Nothing but the lines from the one with "Ny otroligt vacker" through the last line of the entries below should appear in the copy, please, and no pictures.

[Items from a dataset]

****************

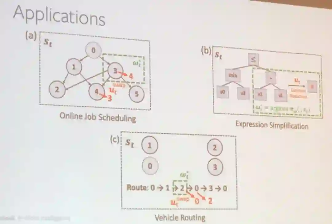 田渊栋还通过几个案例解释了使用强化学习改进系统的方式,包括在线工作调度和表达式简化。
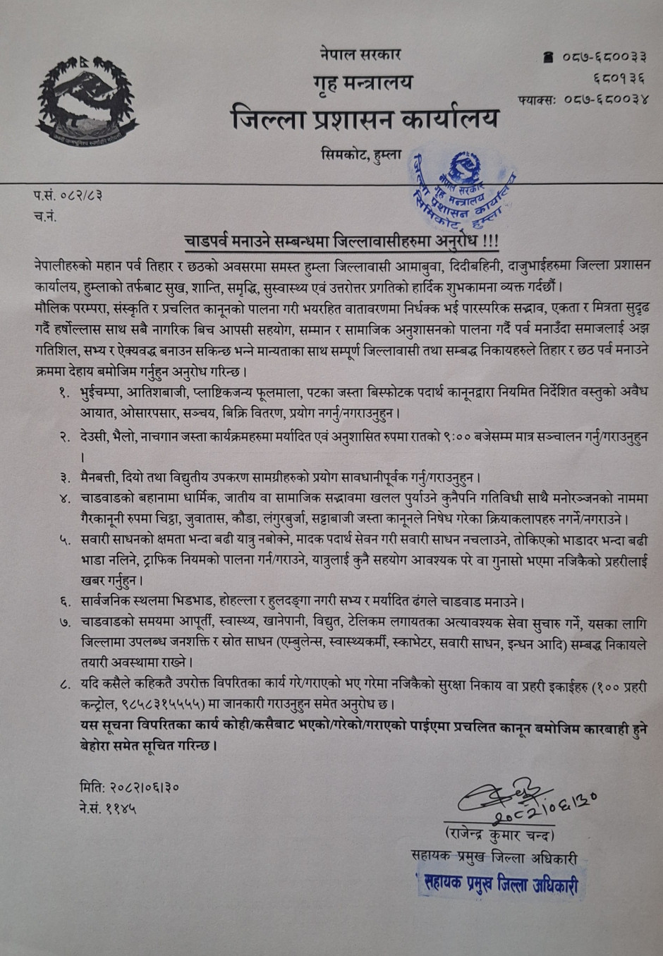 चाडपर्व मनाउने सम्बन्धमा जिल्लावासीहरुमा अनुरोध
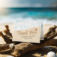 Modelos dos cartões de agradecimentos do casamento - o Sandy Beach do verão escreve no texto da areia com estrela do mar e Seashell.
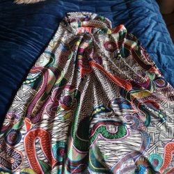 Ny otroligt vacker flerfärgad klänning med öppen dekoltage storlek M
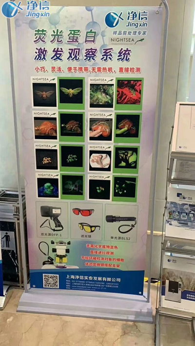 同時,在此次展會上,上海凈信還推出了一款沉淀已久的新產品—美國NightSea熒光蛋白激發觀察系統,這是一款無需化學底物顯色,直接進行觀測,不損壞被檢測對象細胞的設備,擁有小巧、靈活、易攜帶、使用簡便等優點,對于有轉基因實驗需求的科研人員,是一種特別“對胃口”的產品;其原理是發出的特種光源照射至生物表面時,佩戴專用濾光鏡(過濾掉大部分反射光只保留所需要的光源);便可實時觀察生物的基因變化狀態,目前分為單光源和雙光源兩種型號。
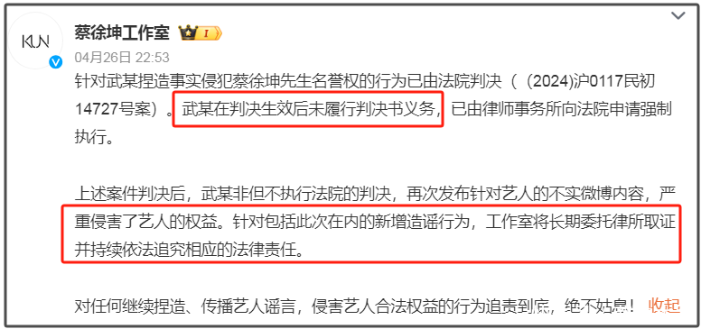 W女士针对“粉丝说判决书AI生成”等谣言也做了澄清,认证网络流传的判决书是真实的,晒出了更完整的部分,并晒出了法院驳回蔡徐坤告诽谤罪不予受理的截图。对于W女士的言论,蔡徐坤工作室也做出回应,表示“武某判决生效未履行判决义务”,疑似暗骂对方老赖,并表示针对“新增谣言”部分,会继续取证法律维权,认为W女士的言论都是污蔑和诋毁。
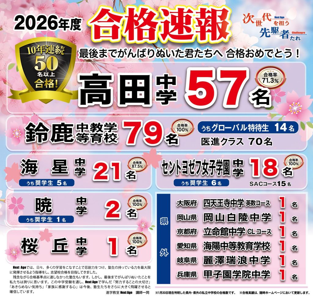 2026年度 合格速報(1/20判明分)

****************

▶ [Exercise response]
 Ny otroligt vacker flerfärgad klänning med öppen dekoltage storlek M
 同時,在此次展會上,上海凈信還推出了一款沉淀已久的新產品—美國NightSea熒光蛋白激發觀察系統,這是一款無需化學底物顯色,直接進行觀測,不損壞被檢測對象細胞的設備,擁有小巧、靈活、易攜帶、使用簡便等優點,對于有轉基因實驗需求的科研人員,是一種特別“對胃口”的產品;其原理是發出的特種光源照射至生物表面時,佩戴專用濾光鏡(過濾掉大部分反射光只保留所需要的光源);便可實時觀察生物的基因變化狀態,目前分為單光源和雙光源兩種型號。
 W女士针对“粉丝说判决书AI生成”等谣言也做了澄清,认证网络流传的判决书是真实的,晒出了更完整的部分,并晒出了法院驳回蔡徐坤告诽谤罪不予受理的截图。对于W女士的言论,蔡徐坤工作室也做出回应,表示“武某判决生效未履行判决义务”,疑似暗骂对方老赖,并表示针对“新增谣言”部分,会继续取证法律维权,认为W女士的言论都是污蔑和诋毁。
 2026年度 合格速報(1/20判明分)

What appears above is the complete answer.